Work item: Your answer must be the exact lines from the one with "深圳市大通建材生產(chǎn" to the end of the data, both included, with no pictures.

Stored items:
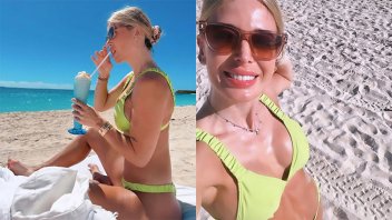 Jesica Cirio se encuentra de vacaciones y eligió un traje de baño diminuto de color verde que encandilaba acompañado de su belleza.
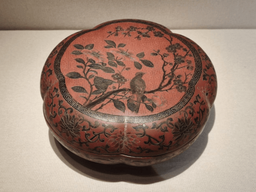 盒呈海棠形,平顶,弧壁,子母口,圈足。盒表面自底至面髹黄、赭红、黄、绿、红五层色漆。盖面海棠形开光内雕麻姑献寿图,以回纹、水波纹、钱纹分饰天空、水面和地纹。盖与器壁以回纹饰锦地,雕刻各式花卉。盒内与底髹黑漆。
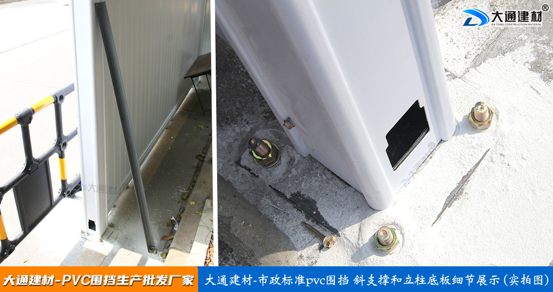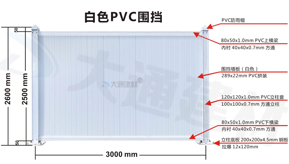 深圳市大通建材生產(chǎn)批發(fā)PVC圍擋符合市政標準,這款圍擋的圍墻板面采用PVC長條版拼接,立柱、橫管均為PVC材料,內(nèi)部均襯方通。立柱底板為鋼板,并加斜撐受力。大通建材常規(guī)款PVC圍擋尺寸長3mx高2.5m、長3mx高2.2m、長3mx高2.0m 其它PVC圍擋尺寸可按實際需要進行定制生產(chǎn)。
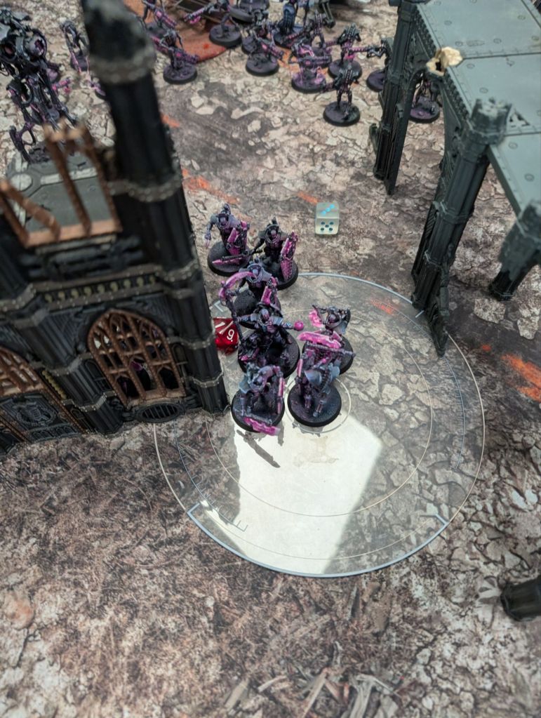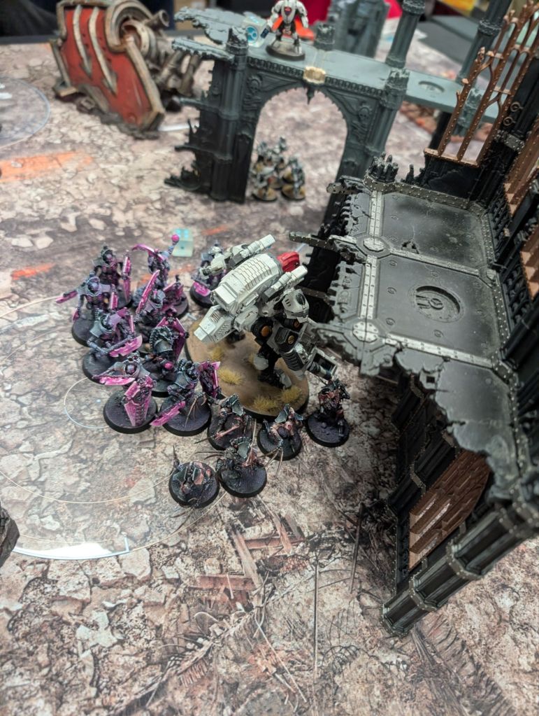 Churned mud sucked at their feet. They advanced more slowly now. More Tau appeared, surrounding them on three sides, pouring fire towards them. Farreskh swore. They’d walked right into a killbox. Lychguard started to fall more quickly, even their Dispersion Shields being overwhelmed by the volume of fire. Though they rose again it was not fast enough.
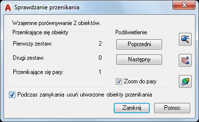 Wyświetla liczbę przenikań znalezionych między zestawami obiektów podczas działania polecenia PRZENIKANIE.
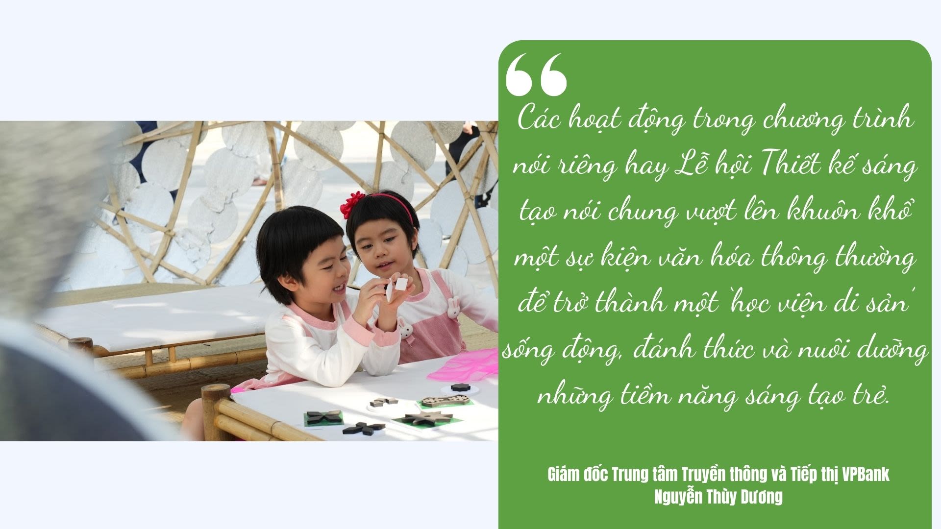 Nói như bà Nguyễn Thùy Dương, giám đốc Trung tâm Truyền thông và Tiếp thị VPBank, “các hoạt động trong chương trình nói riêng hay Lễ hội Thiết kế sáng tạo nói chung vượt lên khuôn khổ một sự kiện văn hóa thông thường để trở thành một ‘học viện di sản’ sống động, đánh thức và nuôi dưỡng những tiềm năng sáng tạo trẻ”.
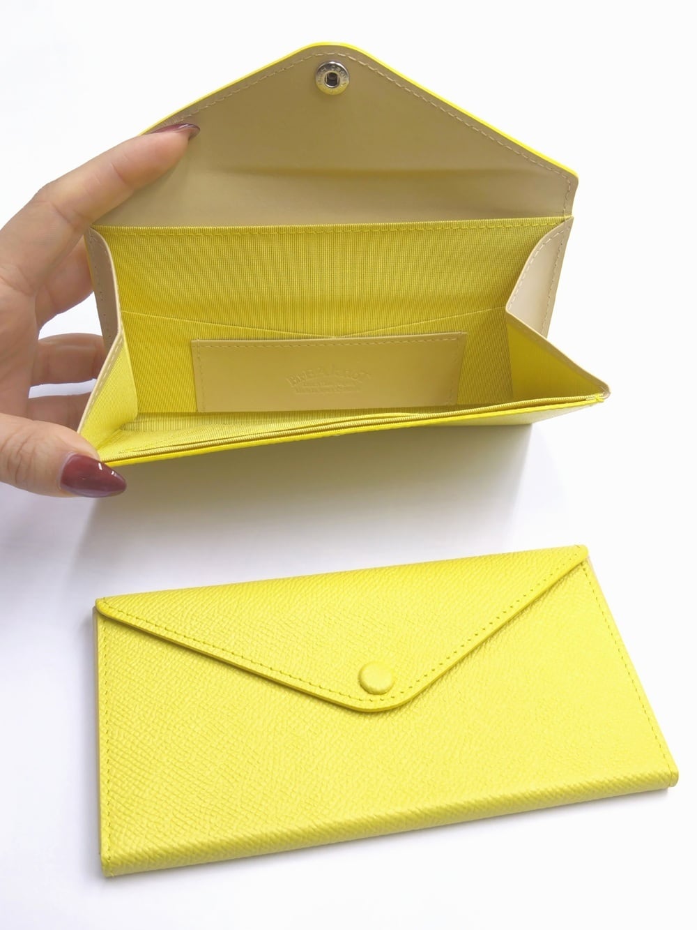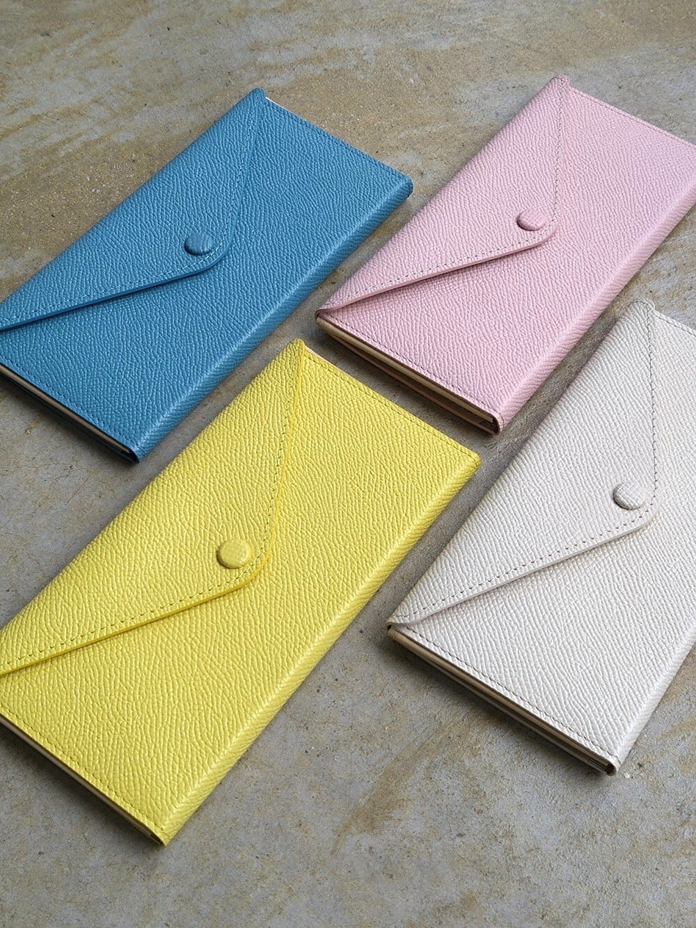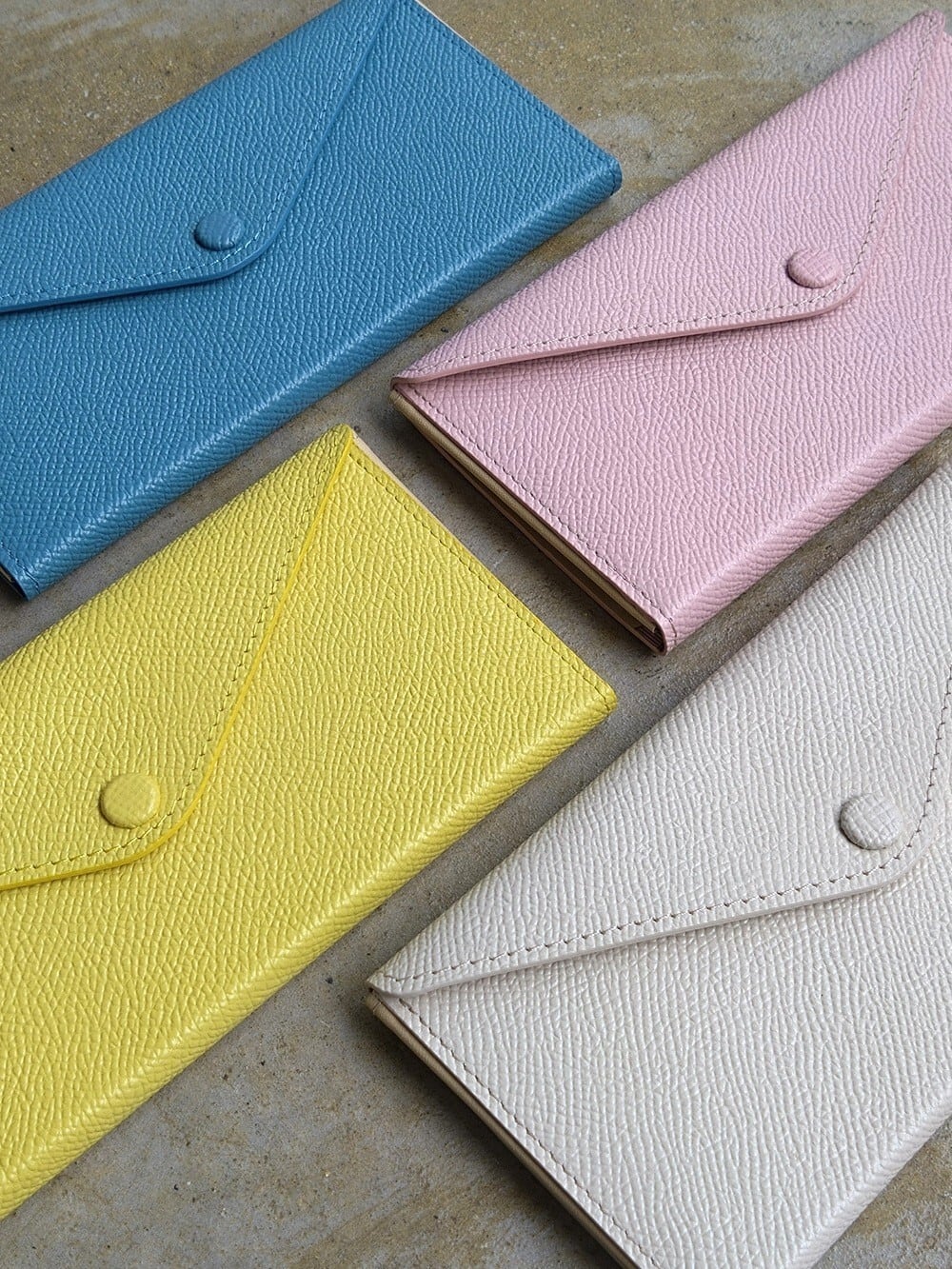 Slotto(エンボスレザー)/ ミニ長財布 / 小さい長財布 薄い 薄型 お札折らない 使いやすい 牛革 レディース くるみボタン ミニマル シンプル デザイン 革職人 日本製: | BrEAknoT ブレイクノット

Written solution:
 深圳市大通建材生產(chǎn)批發(fā)PVC圍擋符合市政標準,這款圍擋的圍墻板面采用PVC長條版拼接,立柱、橫管均為PVC材料,內(nèi)部均襯方通。立柱底板為鋼板,并加斜撐受力。大通建材常規(guī)款PVC圍擋尺寸長3mx高2.5m、長3mx高2.2m、長3mx高2.0m 其它PVC圍擋尺寸可按實際需要進行定制生產(chǎn)。
 Churned mud sucked at their feet. They advanced more slowly now. More Tau appeared, surrounding them on three sides, pouring fire towards them. Farreskh swore. They’d walked right into a killbox. Lychguard started to fall more quickly, even their Dispersion Shields being overwhelmed by the volume of fire. Though they rose again it was not fast enough.
 Wyświetla liczbę przenikań znalezionych między zestawami obiektów podczas działania polecenia PRZENIKANIE.
 Nói như bà Nguyễn Thùy Dương, giám đốc Trung tâm Truyền thông và Tiếp thị VPBank, “các hoạt động trong chương trình nói riêng hay Lễ hội Thiết kế sáng tạo nói chung vượt lên khuôn khổ một sự kiện văn hóa thông thường để trở thành một ‘học viện di sản’ sống động, đánh thức và nuôi dưỡng những tiềm năng sáng tạo trẻ”.
 Slotto(エンボスレザー)/ ミニ長財布 / 小さい長財布 薄い 薄型 お札折らない 使いやすい 牛革 レディース くるみボタン ミニマル シンプル デザイン 革職人 日本製: | BrEAknoT ブレイクノット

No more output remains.